Springer Monographs in Mathematics. New York, NY: Springer (ISBN 978-1-4614-6659-8/hbk; 978-1-4614-6660-4/ebook). xviii, 440 p. (2013).
The book under review is the most detailed monograph on harmonic analysis, approximation and their applications in the spherical setting.
The book is naturally divided into four parts. The first one is devoted to approximation and harmonic analysis on the sphere. The first six chapters correspond to this part. The first one is of preliminary nature, while the fourth one is about approximation. More details can be found in a recent book [K. Atkinson and W. Han, Spherical harmonics and approximation on the unit sphere: An introduction. Berlin: Springer (2012; Zbl 1254.41015)]. The other two chapters present the setting of modern harmonic analysis to the unit sphere. Here are these four chapters: Chapter 1 Spherical Harmonics. Chapter 2 Convolution Operator and Spherical Harmonic Expansion. Chapter 3 Littlewood-Paley Theory and the Multiplier Theorem. Chapter 4 Approximation on the Sphere. In the next Chapter 5 Weighted Polynomial Inequalities, the authors start to deal with weighted approximation and, in particular, a recent proof of a conjecture on spherical design due to A. Bondarenko, D. Radchenko and M. Viazovska is contained in it. In Chapter 6 Cubature Formulas on Spheres, an introduction to cubature formulas, which are necessary for discretizing integrals, is given.
The second part, strongly related to the fourth chapter, consists of the next four chapters. In these chapters, analysis in weighted spaces on the sphere is provided.
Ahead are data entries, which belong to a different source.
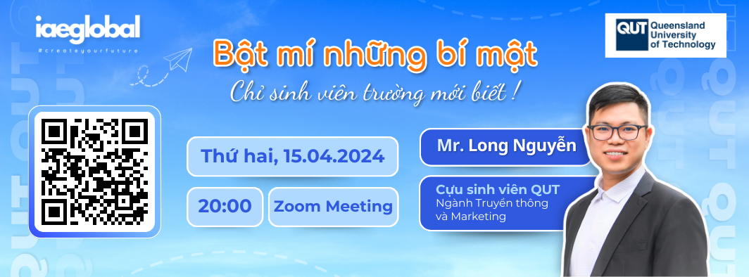 20h tối nay, hãy cùng iae gặp gỡ, giao lưu với niềm tự hào của QUT - Cựu sinh viên, Thạc sĩ Truyền thông Marketing - anh Long Nguyễn để hiểu thêm về ngôi trường và những ngành học xịn xò này nhéee
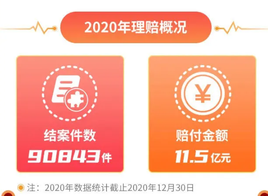 根据百年人寿2020年的理赔报告可知,2020年该公司的理赔结案件数为90843件,总共赔付金额为11.5亿元,可见下图:
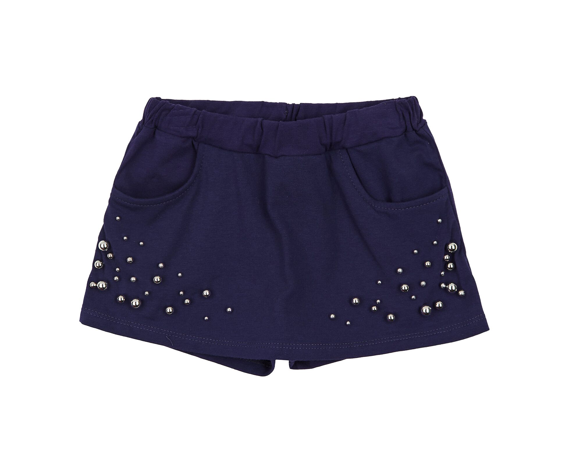 Шорти-спідниця з з якісного стрейч-куліру (97%бавовона 3%еластан). Передні половинки вкриті полотнищем спідниці з декором з пришивних сталевих перлинок та обробленими боковими кишенями. Пояс пришивний, з основного полотна, з вложеною всередині резинкою.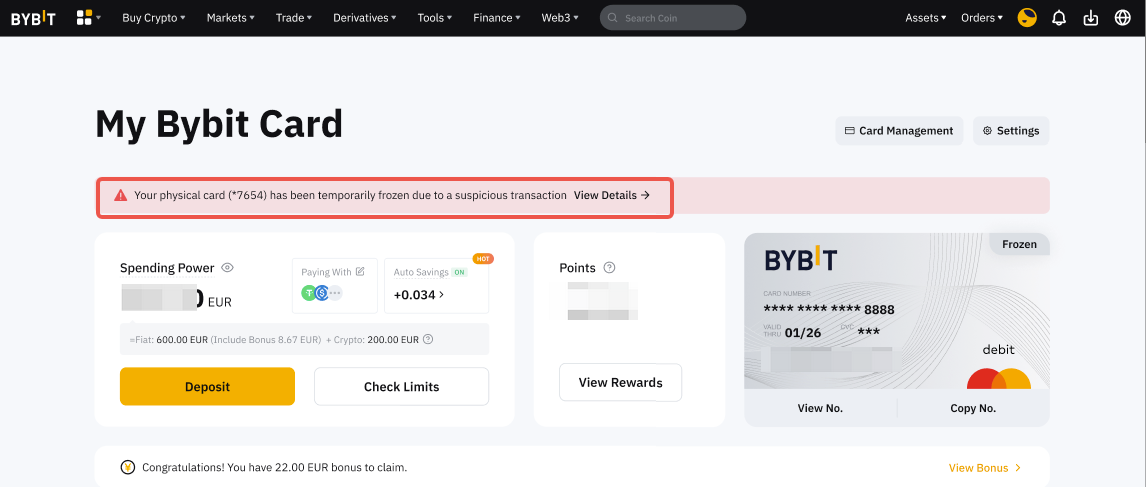 3. Freeze your Bybit Card when you are not using it (you can use it immediately upon unfreezing).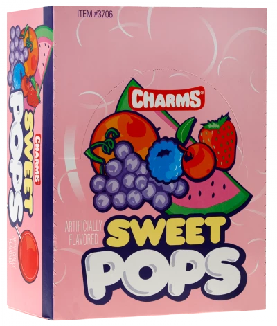 Charms Flat Pops have been one of the world’s most popular, traditional, flat lollipops. Available in a variety of tasty fruit flavours, Cherry, Strawberry, Blue Razz, Watermelon, Orange, Grape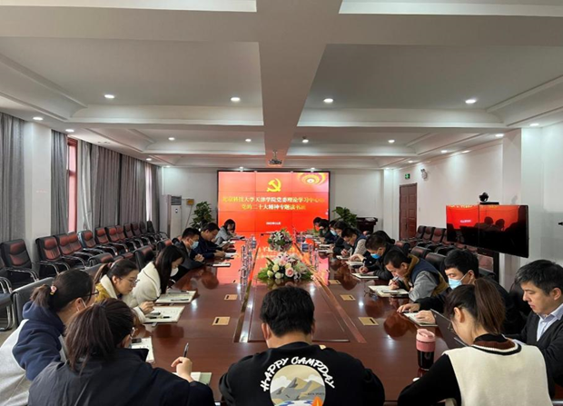 學院將黨的二十大精神納入到教職工理論學習計劃,黨員學習計劃,主題黨日、團日活動,以及各類師生黨員培訓中,充分運用好《黨的二十大報告輔導讀本》《黨的二十大報告學習輔導百問》等輔導材料,組織黨員干部報名參加“踔厲奮發、勇毅前行,加快推進教育強國建設”專題網絡培訓班,全面深入學習黨的二十大精神。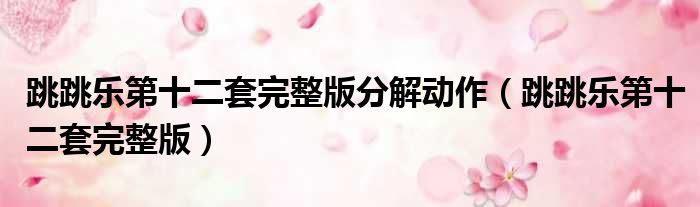 大家好,小东方来为大家解答以上的问题。跳跳乐第十二套完整版分解动作,跳跳乐第十二套完整版这个很多人还不知道,现在让我们一起来看看吧!

They are: Chapter 7 Harmonic Analysis Associated with Reflection Groups. Chapter 8 Boundedness of Projection Operators and Cesàro Means. Chapter 9 Projection Operators and Cesàro Means in \(L^p\) Spaces. Chapter 10 Weighted Best Approximation by Polynomials.
The third part deals with analysis on the unit ball in the two chapters Chapter 11 Harmonic Analysis on the Unit Ball and Chapter 12 Polynomial Approximation on the Unit Ball, while Chapter 13 Harmonic Analysis on the Simplex is concerned with similar problems on the simplex. I am not aware of any other book where these problems are considered in such a systematic way.
The fourth part consists of one chapter Chapter 14 Applications, in which the above studied theories are applied to various topics. Of course, a separate book can be written on this, but the authors reasonably chose certain applications, to their taste, which well illustrate the previous theoretical matter.
There are two appendices in the book, A: Distance, Difference and Integral Formulas and B: Jacobi and Related Orthogonal Polynomials.
This monograph in whole and its various parts can be used both by researchers and by lecturers, for information and ideas by the formers and as a matter for special courses for students by the latters.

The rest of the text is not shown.